Kayak-tivists gathered in Elliott Bay on Saturday, May 16, where the Polar Pioneer drilling rig is docked. (Flickr / Backbone Campaign)

Seattle has become a hub of anti-extraction activism. Protests began on May 14, when Royal Dutch Shell — bucking city residents and officials — docked its Polar Pioneer off the Emerald City coast. The towering 400-by-355-foot oil rig is en route to the Arctic, where it is scheduled to begin drilling operations this summer. The largest demonstration yet happened May 16, as hundreds of “kayak-tivists” swarmed Seattle’s Terminal 5, where the Polar Pioneer is docked. Since then, protests against the rig have been ongoing, and show few signs of letting up.

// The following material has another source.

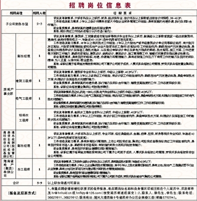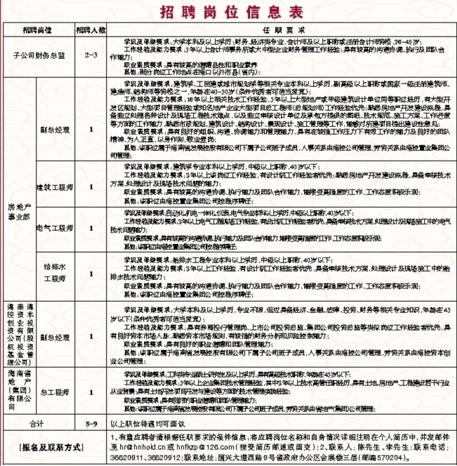 近年来,公司成立或牵头设立了海南银行、股权交易中心、贵金属交易中心、大唐发控信息产业基金、南华创业投资基金等企业,重组了省大型国企水电集团等单位,正着力实现由投融资平台向具备较强市场竞争力的国有资本投资运营转型升级。公司现诚聘以下工作岗位,诚邀广大英才与公司共谱发展新篇,公司将为聘用员工提供广阔的职业发展平台和以绩效为导向、兼具市场竞争力的薪酬待遇!

This week, I spoke with Puget Sound resident John Sellers, a global justice movement veteran and father of two, who has been active in the Shell No coalition, leading up to the water-born protests in Seattle’s Elliott Bay. Sellers, a former Greenpeace activist, is a co-founder, long-time executive director and now board president of the Ruckus Society. He currently serves as director of the Other 98 Percent.

How did the Shell No coalition form? What is it doing?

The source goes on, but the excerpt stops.